Apache Kylin | Real-time OLAP

Kylin v3.0.0 releases the brand new real-time OLAP feature, by the power of new added streaming receiver cluster, Kylin can query streaming data with sub-second latency. You can check this tech blog for the overall design and core concept.
If you prefer to ingest kafka event in micro-batch way(with about 10-minutes level latency), you may consider using older Near RT streaming. Since these two feature are all for kafka data source, don’t mix them.
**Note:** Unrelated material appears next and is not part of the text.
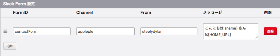 下の図のように、Slackに通知したいFormIDを指定し、メッセージの送信先チャネルを「Channel」に送信元の名前を「From」に設定します。またメッセージにはFormモジュールの変数と、グローバル変数を使用することができます。

This doc is a step by step tutorial, illustrating how to create and build a sample streaming cube.
In this tutorial, we will use Hortonworks HDP-2.4.0.0.169 Sandbox VM + Kafka v1.0.2(Scala 2.11) as the environment.

Basic concept
Prepare environment
Create cube
Start consumption
Monitor receiver

The configuration can be found at Real-time OLAP configuration.
The detail can be found at Deep Dive into Real-time OLAP.
If you want to configure timezone for derived time column or learn how to update streaming cube’s segment, please check this Lambda Mode and Timezone.

Basic Concept

Component of Kylin’s real-time OLAP

Kafka Cluster [data source]
Kylin Process [job server/query server/coordinator]
Kylin streaming receiver Cluster [real-time part computation and storage]
HBase Cluster [historical part storage]
Zookeeper Cluster [receiver metadata storage]
MapReduce [distributed computation]
HDFS [distributed storage]

Streaming Coordinator

Streaming coordinator works as the master node of streaming receiver cluster. It’s main responsibility include assign/unassign specific topic partition to specific replica set, pause or resume consuming behavior, collect mertics such as consume rate (message per second).
When kylin.server.mode is set to stream_coordinator, that process is a streaming coordinator candidate(as well as query server and job server if you use all). Coordinator only manage metadata, won’t process entered message.

Coordinator Cluster

For the purpose of eliminating single point of failure, we could start more than one coordinator process. When cluster has several coordinator processes, a leader will be selected by zookeeper. Only the leader will answer coordinator client’s request, others process will become standby/candidate, so single point of failure will be eliminated.

Streaming Receiver

Streaming Receiver is the worker node. It is managed by Streaming Coordinator, its responsibility is as follow:

ingest realtime event
build base cuboid locally(more cuboid could be build if configured correctly)
answer the query request for partial data which was assigned to itself
upload local segment cache to HDFS or delete it when segment state change to immutable

Receiver Cluster

We call the collection of all streaming receiver as receiver cluster.

Replica Set

A replica set is a group of streaming receivers. Replica set is the minimum unit of task assignment, so that means all receivers in the one replica set will do the same task(cosume same partition of topic). When some receiver shut down unexpectedly but all replica set have at least one accessible receiver, the receiver cluster is still queryable and data won’t lose.

Prepare environment

Install Kafka

Don’t use HDP’s build-in Kafka as it is too old, stop it first if it is running. Please download Kafka 1.0 binary package from Kafka project page, and then uncompress it under a folder like /usr/local/.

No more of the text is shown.